Tuesday 19 September 2017

'The most devastating moment of my life' - son on finding mother after she was killed by his dad in murder suicide

Marie and Jim Quigley
Marie and Jim Quigley

Elaine Keogh

THE children of Jim and Marie Quigley, who died in a murder suicide, have said Ireland is “rampant” with mental health issues which "should not be ignored."

In a statement issued after the inquests into their parents deaths, which were held today, they said they live with, “this tragedy every minute of every day.”

Their mother Marie was found dead in her bedroom and their father Jim died after driving his car into the path of an articulated lorry on the M1 motorway.

It is believed that Jim murdered Marie before taking his own life.

Dundalk Coroner’s Court heard their son Kieran had a bad feeling when his dad did not turn up to meet him at the DOE test centre in Dundalk about 2.45pm on the 27th July 2015.

He rang his mother and father’s phones but no one answered so he went to the family home at Newtownbalregan outside Dundalk. He told gardai he thought his father may have had a heart attack.

When he arrived at the house he saw the blinds were down in his parents bedrooms; his mother was an early riser and always pulled up her blind.

The back door was locked so he opened the front door and went upstairs.

His father’s bedroom was empty but his mother’s door was locked.  He was ringing her phone and could hear it ringing out (in the locked room).

He rang 999 and family members.  His uncle and cousin arrived and the three of them tried to open the door.  When they got it open Kieran said he could see a blanket over somebody and there was blood all over the place.

It was he said, “the most devastating moment in my life,” he told gardai.

Garda Superintendent Brian Mohan, then an inspector based in Dundalk, said the body of Mrs Quigley was lying across the bed and was partially covered.

She has suffered severe head injuries and a towel was stuck in her mouth.  The doctor on call pronounced her dead at the scene.

State Pathologist Dr Marie Cassidy performed a post mortem and said she had been the victim of a violent attack while in bed.  Mrs Quigley had suffered blunt force trauma to the head with an object such as a hammer and had been struck in excess of a dozen times.

She had stab wounds to her face and neck and there was a scalding injury to her face as well as bruising to both her hands.  She concluded death was due to instrumental blunt force trauma to the head and obstruction of the airways because of a gag.

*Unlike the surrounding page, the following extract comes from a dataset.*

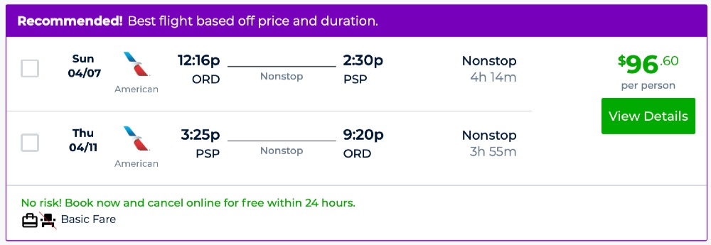 Amazing deal: Chicago to Palm Springs, California flights round-trip as low as $96.

She said death would have been rapid and within minutes of the assault.

The inquest heard that James Quigley had driven southwards on the hard shoulder of the northbound lane of M1 south of Dundalk and had then driven into an articulated lorry.

Garda Fiona Dunne, Castlebellingham said she got a call about it from an off duty garda at 2.21pm and when she got to the scene said the driver, had extensive injuries and he was pronounced dead at the scene by a local GP.  He was formally identified using DNA evidence.

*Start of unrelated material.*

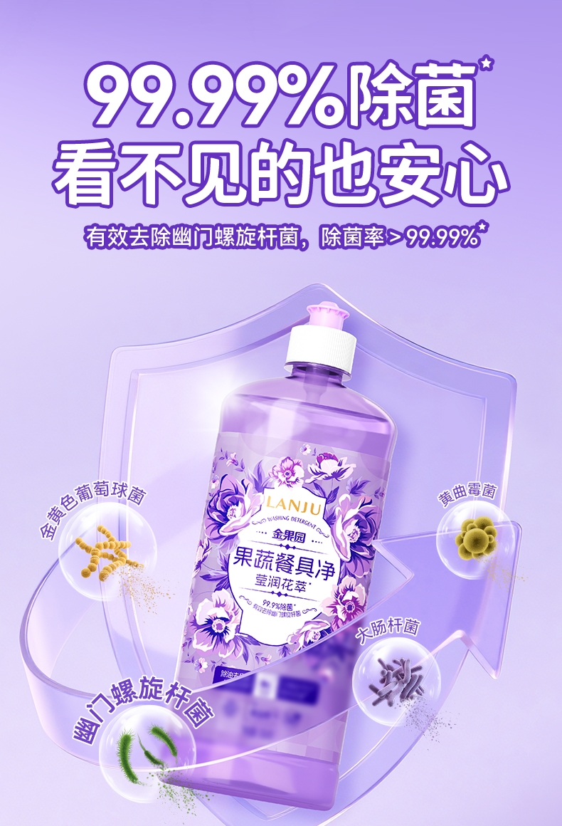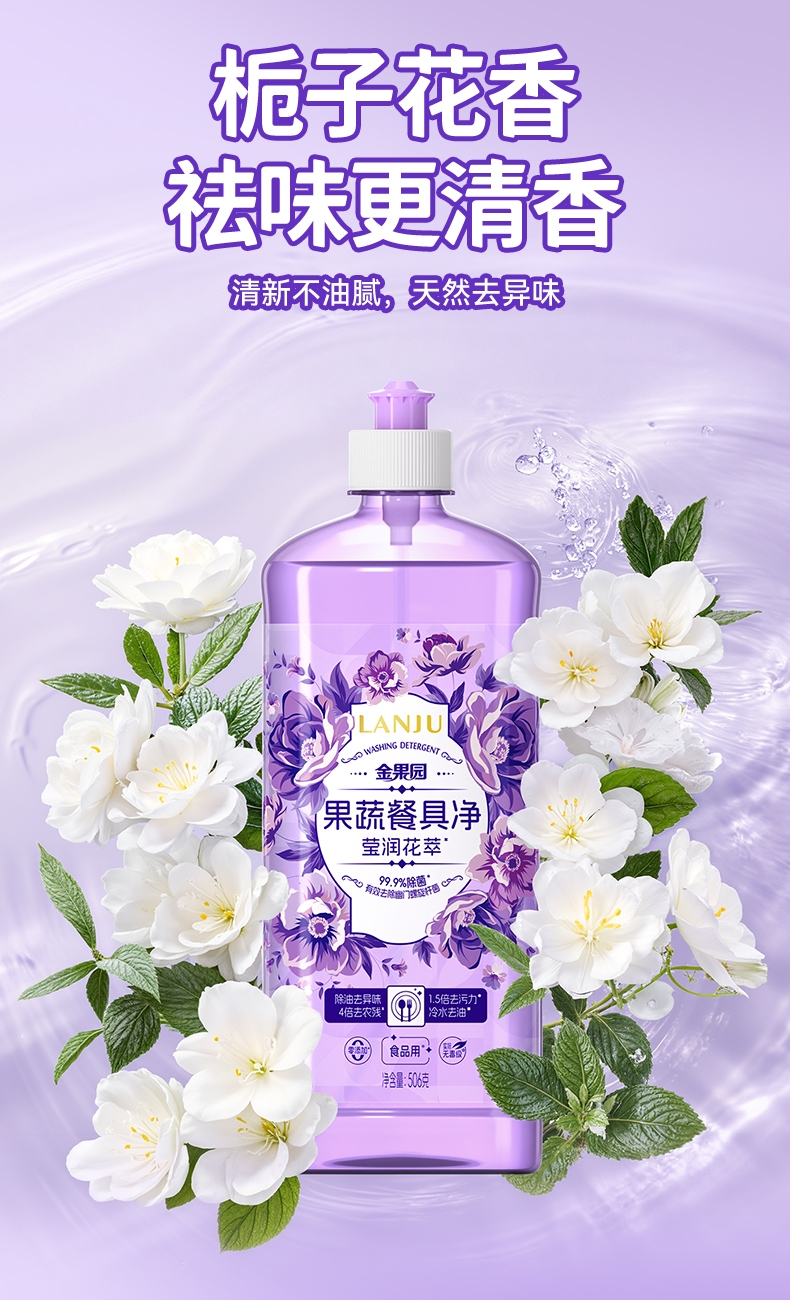榄菊 金果园莹润花萃果蔬餐具净506g

Dr Cassidy said that her post mortem concluded he had driven into the path of the lorry and his death, which was instantaneous, was due to crush injuries as a result of the collision.

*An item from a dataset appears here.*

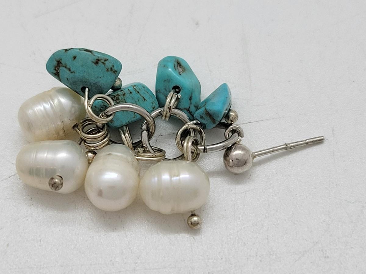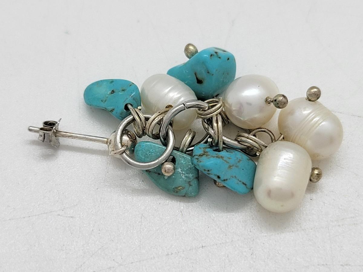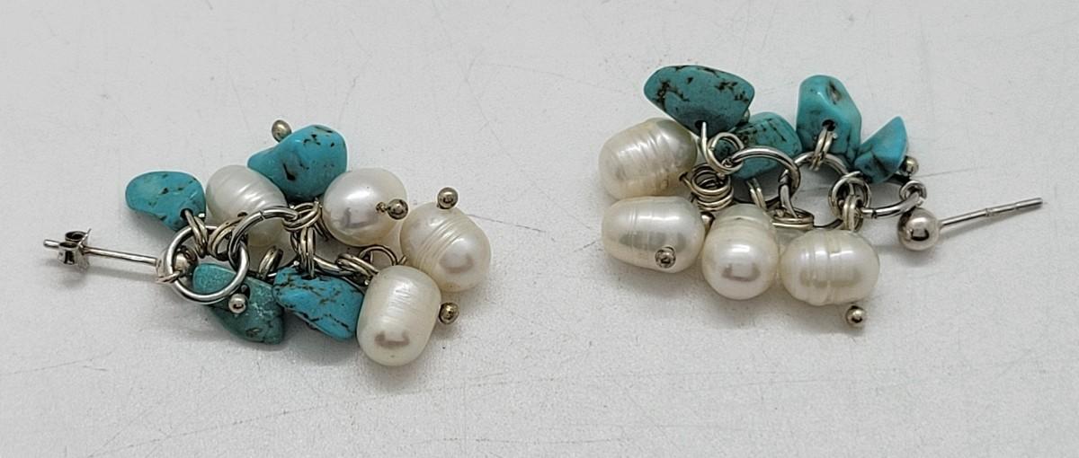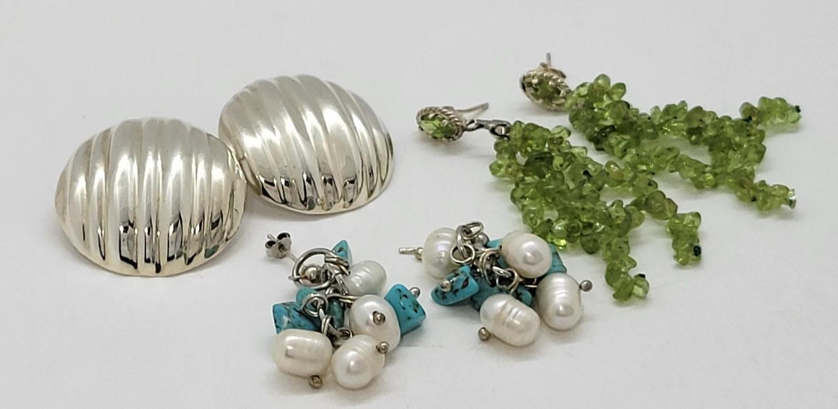 Taxco 925 Button Earrings, Costume Turquoise Nugget and Faux Pearl Dangles, & Peridot/ 925 Earrings

The jury returned a verdict of unlawful killing for Mrs Quigley and for her husband they returned an open verdict.

The gardai and Coroner and jury expressed their sympathies to the families of the deceased. 

In a statement issued through their solicitor Kieran, Sonya, Mark and Gavin Quigley, the children of the deceased said, “the sense of losing both parents is overwhelming and we are living with this tragedy every minute of every day.  We can only pray time will ease the heartache and heal our souls.”

“We hope people can understand what we have been through and hope that when today concludes, that our grieving can progress and we ask the media to respect our privacy.”

They said, “we lived with our father’s mental illness all our lives.  In recent years our father had some major physical problems and coupled with the enormous medication along with his mental health problems, we now know  he was beyond helping.”

“Jim was a loving father and husband, and Marie, a dearly loved and devoted wife and mother who supported Jim throughout his illness and that is why she isn’t here today.”

They said, “Mental health is a form of disease which is sometimes not visibly noticeable and which this country is rampant with, but it should not be ignored.”